Cuando despertó, se encontraba en el hospital, en urgencias, pero esta vez, en una camilla. Y frente a él, una joven médico preciosa. Últimamente no había tratado con muchas mujeres, pero ésta era realmente guapa. Le explicó que los que le había pegado no eran neonazis ni nada así, sino matones. Al parecer, alguien a quien se parecía mucho, se había ganado una paliza, y aquellos brutos se confundieron. Pero gracia a ello, los habían detenido, habían confesado, y a estas horas una gran red de criminales profesionales estaban siendo arrestados. También dijo que le consideraba un héroe.
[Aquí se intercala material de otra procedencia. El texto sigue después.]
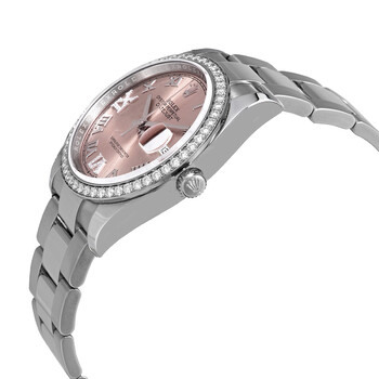 Stainless steel case with a stainless steel Rolex oyster bracelet. Fixed stainless steel set with diamonds bezel. Pink dial with silver-tone hands and Roman numeral hour markers. Diamond-set Roman numerals appear at the 6 and 9 o'clock positions. Minute markers around the outer rim. Dial Type: Analog. Date display at the 3 o'clock position. Rolex calibre 3235 automatic movement, based upon Rolex 3035, containing 31 Jewels, bitting at 28800 vph, and has a power reserve of approximately 70 hours. Scratch resistant sapphire crystal. Screw down crown. Solid case back. Round case shape. Case size: 36 mm. Fold over oyster clasp. Water resistant at 100 meters / 330 feet. Functions: date, hour, minute, second. Datejust 36 Series. Luxury watch style. Watch label: Swiss Made. Rolex Datejust 36 Pink Diamond Dial Automatic Unisex Oyster Watch 126284PRDO.

La chica siguió hablando, pero él ya no escuchaba. Observaba cómo le daba puntos en el pecho con unas manos temblorosas. Hablaba más para tranquilizarse a ella misma que a él. Ni siquiera le había tapado con la sabanita verde. Era una novata. Una novata muy guapa. Y entonces recordó cómo conoció a su difunta amada. Aquella burda recreación mancillaba su recuerdo. Pero en ese instante, justo cuando daba el último punto, una enfermera entró llamándola, y se fue corriendo sin decir nada más. Inepta e incompetente becaria…había dejado sin vigilancia el material quirúrgico. No tardó ni dos minutos en volver a entrar con una gran (y hermosa) sonrisa. Preguntó si seguían y antes de esperar una respuesta, se acercó hacia la camilla para seguir remendando su magullada piel. Pero sí que respondió. Cogió el mayor bisturí de los que había junto a él dijo, casi gritó “No. No seguimos” al mismo tiempo que, ante los atónitos ojos de la chica, se seccionaba la yugular.


Padre de familia, parte 1ª.

Volvió a despertarse sintiendo el fuerte golpe en la nuca que le hacía recordar, revivir el momento en el que su vida cambió, y con éste, los últimos meses… Su vida. Tenía gracia. Su vida. No había cambiado, había desaparecido, por completo. La única vida que tenía era la que soñaba que temía perder  una y otra vez cada noche. Pero entonces despertaba, veía que no era real y deseaba morir de verdad. Pero eso nunca pasaba, a pesar de lo mucho que le había dolido la cabeza, el accidente no era real. Nunca lo era. Bueno… Sólo lo fue una vez. La primera. Cuando aún tenía una vida que perder….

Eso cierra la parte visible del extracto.